Мне захотелось увидеть места, где он жил своей призрачной жизнью. Я уехал на неделю, с картами и планами, которые он сам по моей просьбе тщательно нарисовал, с его подробными маршрутами, и следовал им неукоснительно, даже в хронологическом порядке. («Спасибо, что дали мне возможность вновь побывать там, где все мне так хорошо знакомо, это мучительный путь, но легче повторить его со спутником, чем одному…») Я побывал на лесном хуторе, где он провел детство, видел домик его родителей, его студенческую квартирку в Лионе, сгоревший дом в Превессене, аптеку Коттена, где подрабатывала его жена, школу Сен-Венсан в Ферне-Вольтере. У меня был адрес Люка Ладмираля, я прошел мимо его кабинета, но заходить не стал. Я вообще ни с кем там не поговорил.
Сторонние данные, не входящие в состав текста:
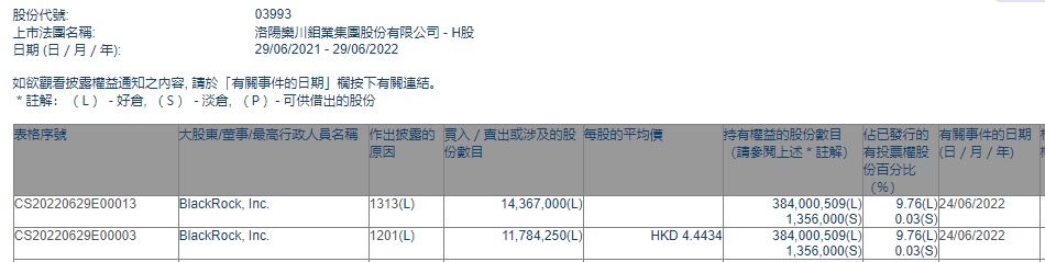智通财经APP获悉,香港联交所最新资料显示,6月24日,贝莱德减持洛阳钼业(03993)1178.425万股,每股作价4.4434港元,总金额约为5236.21万港元。减持后最新持股数目约为3.84亿股,最新持股比例为9.76%。
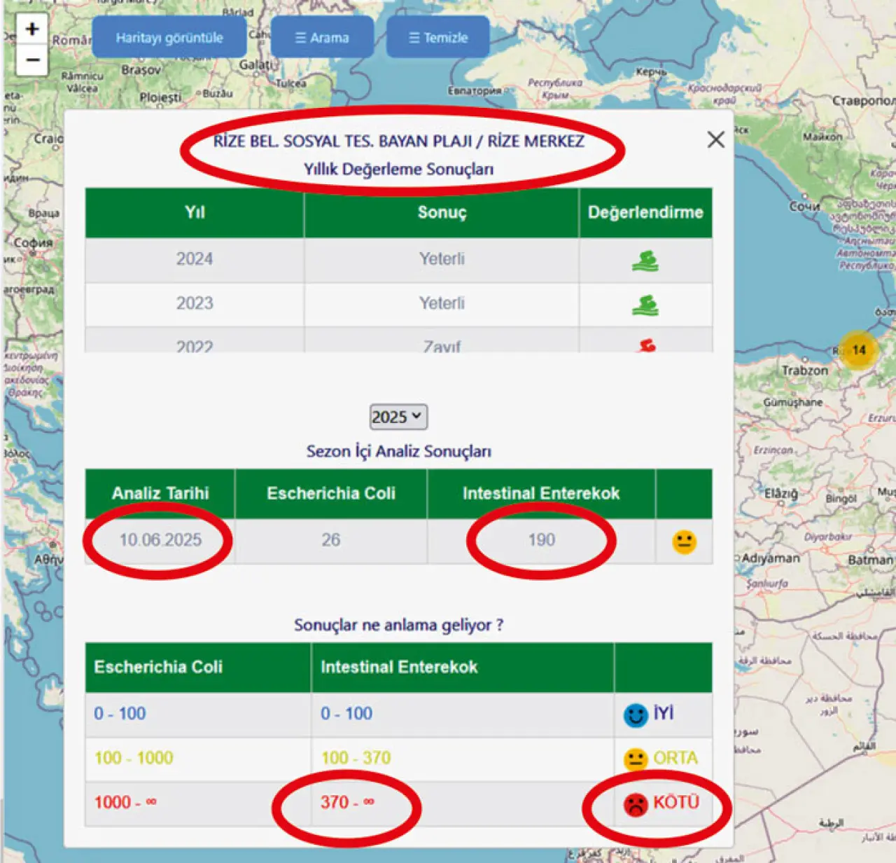 Sağlık Bakanlığı Halk Sağlığı Genel Müdürlüğü tarafından birey ve toplum sağlığının korunması amacıyla geliştirilen Yüzme Suyu Takip Sistemi kapsamında Rize'deki yüzme alanlarının su kalitesine ait analiz sonuçları açıklandı. Yaz sezonunun başlamasıyla birlikte artan sıcaklıklarda serinlemek isteyenlerin gözde mekânlarından olan plajlar için yapılan son deniz suyu analizleri Rize’de endişe verici sonuçlar da ortaya koydu. Özellikle Rize Belediyesi Sosyal Tesisleri Alipaşa Kadınlar Plajı'nda denize girecek kadınların ve çocukların olası sağlık risklerine karşı dikkatli olması gerekiyor.

Один отправился туда, куда он отправлялся каждое утро, где в одиночестве коротал свои пустые дни: на лесные дороги в горы Юра, и еще в Женеву, в квартал международных организаций, где находится здание ВОЗ. Я читал, что большая фотография этого здания висела в рамке на стене в той самой гостиной, где он убил свою мать. На фасаде было отмечено крестиком окно его кабинета, но я не знал, где точно был этот крестик, и выше холла подниматься не стал.
Я ощущал жалость и какое-то мучительное сочувствие, идя по следам человека, бесцельно бродившего здесь год за годом, хранителя своей нелепой тайны, которой он не мог ни с кем поделиться и которую никто под страхом смерти не должен был узнать. А потом перед глазами встали дети, снимки их мертвых тел, сделанные в Институте судебно-медицинской экспертизы, ужас в чистом виде, от такого инстинктивно зажмуриваешься и трясешь головой, желая, чтобы это оказалось сном.
Безумие, заточение, ледяной ужас – я-то думал, что покончил со всем этим. Ну, допустим, не ударился во францисканские восторги с воспеванием красот земных и трели соловья, но от этого – освободился. И вот, извольте – я избран (высокопарно, знаю, но иначе не скажешь) этой чудовищной историей, я стал наперсником человека, который это совершил. Мне было страшно. Страшно и стыдно. Стыдно перед моими сыновьями за то, что их отец будет об этом писать. Может быть, еще не поздно дать отбой? Или мне, именно мне, предназначено попытаться понять это и нечего прятаться в кусты?
Чтобы наверняка ничего не упустить, я аккредитовался на заседание суда в Эне от издания «Нувель обсерватер». Накануне первого заседания в центральной гостинице Бурк-ан-Бреса собралась вся судебная пресса Франции. До сих пор мне была знакома только одна категория журналистов – критики кино; теперь представился случай узнать другую, которая тусуется не на кинофестивалях, а на судебных процессах. Когда, немного выпив (как мы в тот вечер), они вспоминают о своих подвигах, то упоминают не Канны и Венецию, а Дижон и дело Вильмена, Лион и дело Барби. Куда как серьезнее, на мой взгляд. Своей первой статьей об этом деле я снискал их уважение. Старый зубр из «Эст Репюбликен» перешел со мной на «ты» и угостил выпивкой, а хорошенькая девушка из «Юманите» мне улыбалась. Я почувствовал себя принятым в братство этих людей, и мне среди них нравилось.